Since collagen is denatured to gelatin at high temperatures, the extraction procedure must be performed at 4°C, whether on ice or in a cold storage room. The general procedure for collagen extraction involves first obtaining a tissue specific to the type of collagen desired. Then clean these paper towels by rinsing in water to remove all traces of dirt. Subsequently, the fat and connective tissue are trimmed and the hair is removed. Next, the tissue is cut and put in a dilute sodium acetate solution to eliminate all soluble non-collagen proteins and polysaccharides.
Discard the supernatant and rinse the remaining sodium acetate from the tissue. The sample is then freeze-dried and then re-dissolved in acetic acid, which will only dissolve the collagen. Since the supernatant now contains the crude collagen solution, it must be dialyzed for further purification. Depending on the starting material, the obtained collagen solution will be a mixture of different types of collagen. Since the entire extraction process may take up to a month, it needs to be optimized to reduce the time spent. In order to achieve a shorter extraction procedure. Greatly shorten the time required for each step. Since the collagen extraction protocol is based on the solubility of collagen in various solvents, this protocol can be applied to all types of collagen.

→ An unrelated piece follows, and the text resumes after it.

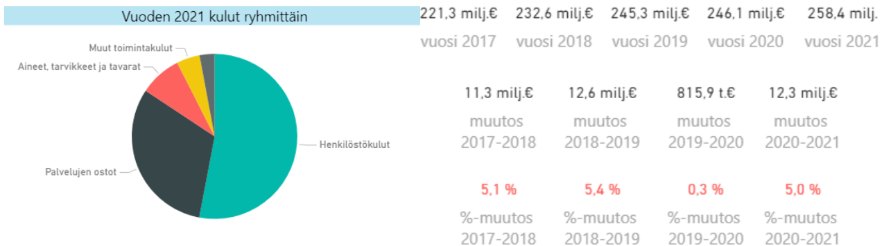
Kuva: Soiten ulkoiset kulut ryhmittäin 1-9/2021 sekä ulkoisten kustannusten muutos kausilta 1-9 /2017 - 9/2021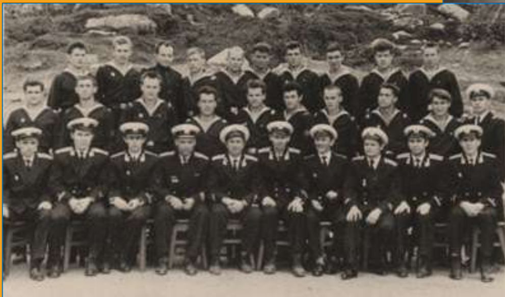
Дедушка в звании лейтенанта в составе экипажа АПЛ «К-5», 1964 год

– Трудно ли было служить на подводной лодке?

In order to obtain different types of collagen, different starting materials must be used. Animal skins and tendons can be used. Because the content of these collagens in the tissues is very small. In addition, the purified collagen is expensive due to the cumbersome extraction process and intensive purification procedures. If clinically relevant amounts are required, this can make collagen very expensive. In addition, the collagen extraction methods of different companies are different, resulting in significant differences in the mechanical and chemical properties of the collagen, resulting in undesirable batch-to-batch differences.